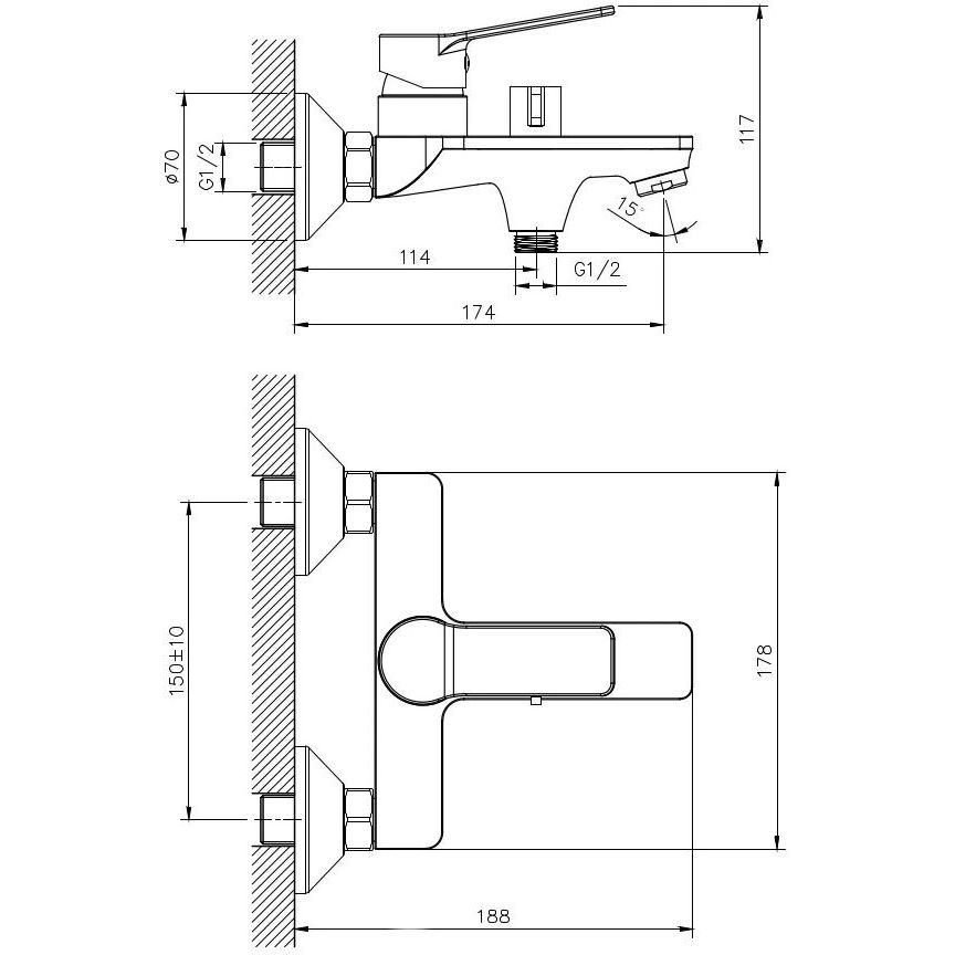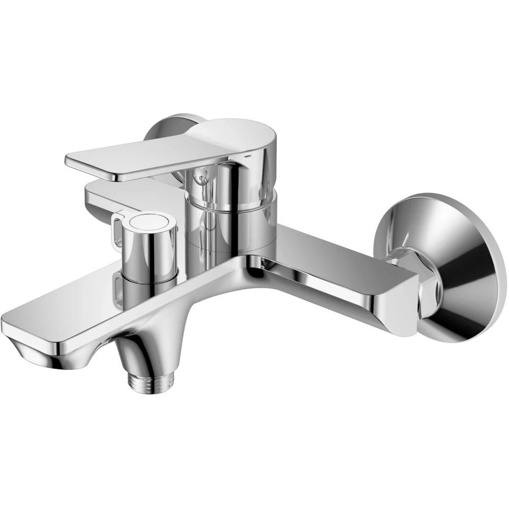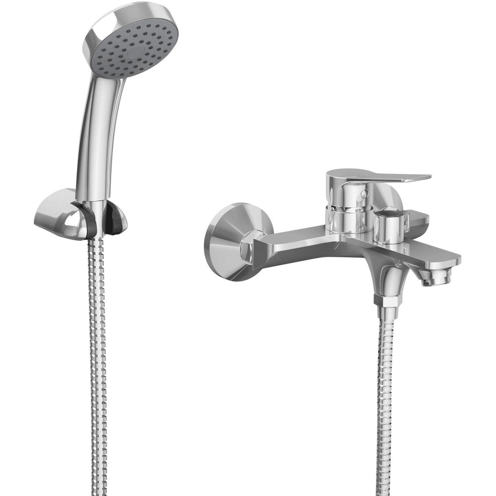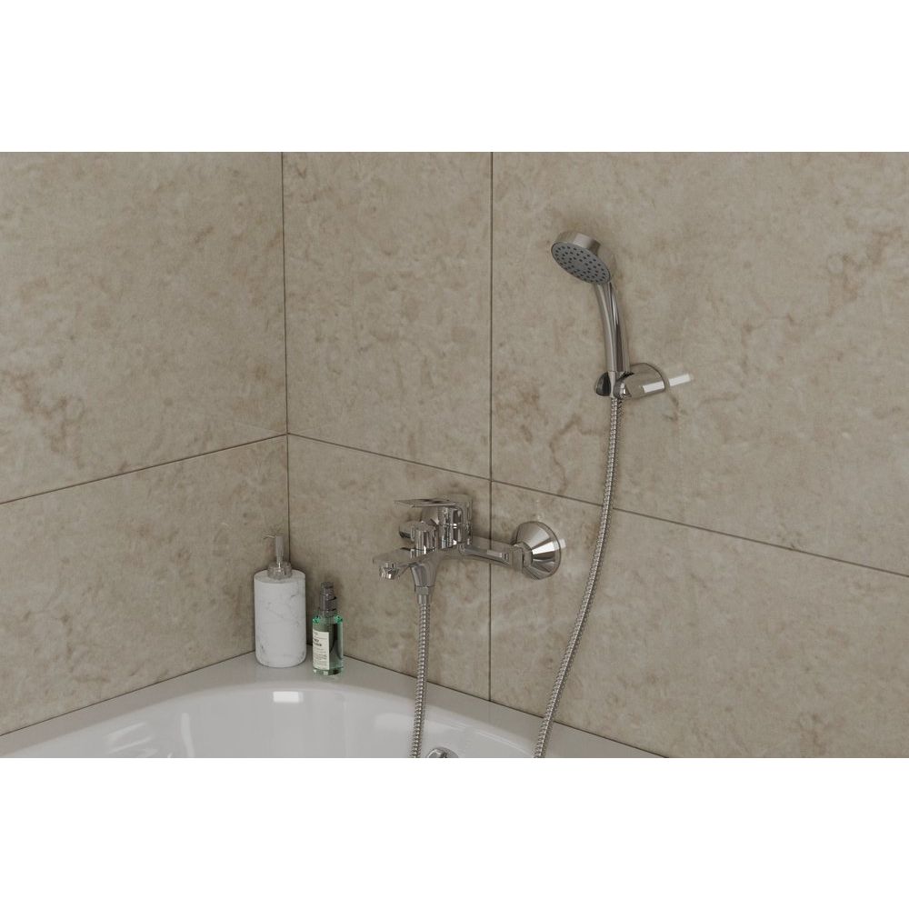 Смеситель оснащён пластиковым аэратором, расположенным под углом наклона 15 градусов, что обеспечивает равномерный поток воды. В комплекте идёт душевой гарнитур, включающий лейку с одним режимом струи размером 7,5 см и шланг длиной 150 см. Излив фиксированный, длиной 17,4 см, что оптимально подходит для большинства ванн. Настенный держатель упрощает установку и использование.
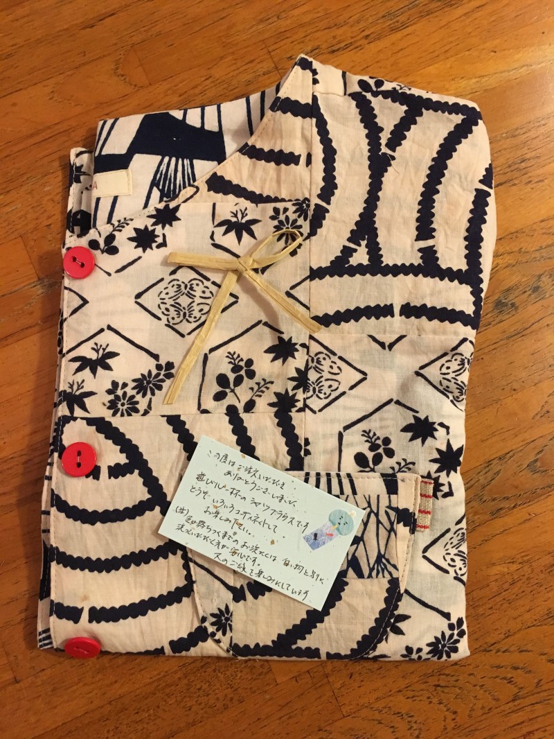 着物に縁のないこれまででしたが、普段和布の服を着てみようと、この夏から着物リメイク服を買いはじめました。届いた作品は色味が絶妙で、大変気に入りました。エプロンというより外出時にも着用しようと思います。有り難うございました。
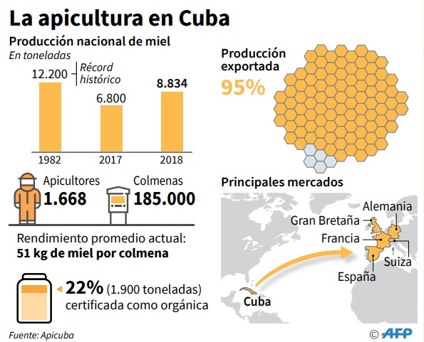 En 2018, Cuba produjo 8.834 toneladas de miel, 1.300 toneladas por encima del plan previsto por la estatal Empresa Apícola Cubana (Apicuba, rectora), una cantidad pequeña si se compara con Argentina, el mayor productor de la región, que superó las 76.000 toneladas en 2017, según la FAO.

▬▬▬▬▬▬

__Aim of the task__
Exactly as written, set down the lines from the line holding "着物に縁のないこれまででした" to the last line of the data, both ends included, pictures excluded.

__Exercise solution__
 着物に縁のないこれまででしたが、普段和布の服を着てみようと、この夏から着物リメイク服を買いはじめました。届いた作品は色味が絶妙で、大変気に入りました。エプロンというより外出時にも着用しようと思います。有り難うございました。
 En 2018, Cuba produjo 8.834 toneladas de miel, 1.300 toneladas por encima del plan previsto por la estatal Empresa Apícola Cubana (Apicuba, rectora), una cantidad pequeña si se compara con Argentina, el mayor productor de la región, que superó las 76.000 toneladas en 2017, según la FAO.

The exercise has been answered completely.